Wanted: Daniels and Esthers

 

Over the last 25 years, God has opened doors for significant influence by CMDA and our members in Washington, D.C. CMDA members have been serving in high profile federal government positions, testifying before Congress and providing expert counsel to lawmakers and policy makers behind the scenes. Like the biblical Daniel and Esther, they are serving as lights in the often-dark halls of power.

 

Let us remember to pray for these servants—for courage, protection, effectiveness, encouragement and perseverance.

 

Despite recent encouraging federal policy victories, many professional health organizations, politicians and activists continue to pound away relentlessly at the protections on which conscience-driven healthcare professionals depend to practice moral healthcare.

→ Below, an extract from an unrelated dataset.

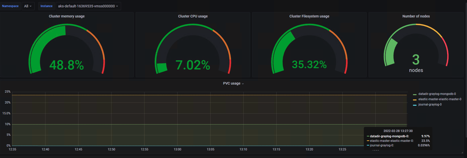 The Kubernetes monitoring by namespace and instance dashboard uses the prometheus data source to create a Grafana dashboard with the gauge, stat and timeseries panels.

The forces arrayed specifically against life-affirming healthcare professionals and generally against believers in the public square are well-funded, influential and determined.

 

We face a battle of good versus evil, life versus death, the kingdom of God versus the kingdom of this world and the domain of darkness. If we are to remain true to our faith and our Lord, we must determine now not to shrink back in fear from this opposition but to engage in the battle.

 

Every Christian healthcare professional and student would do well to pray that God would grant them the conviction of Daniel, who “…made up his mind that he would not defile himself…,” and the courage of Esther, who resolved to speak out to save lives, saying “…if I perish, I perish” (Daniel 1:8, ESV; Esther 4:16, ESV).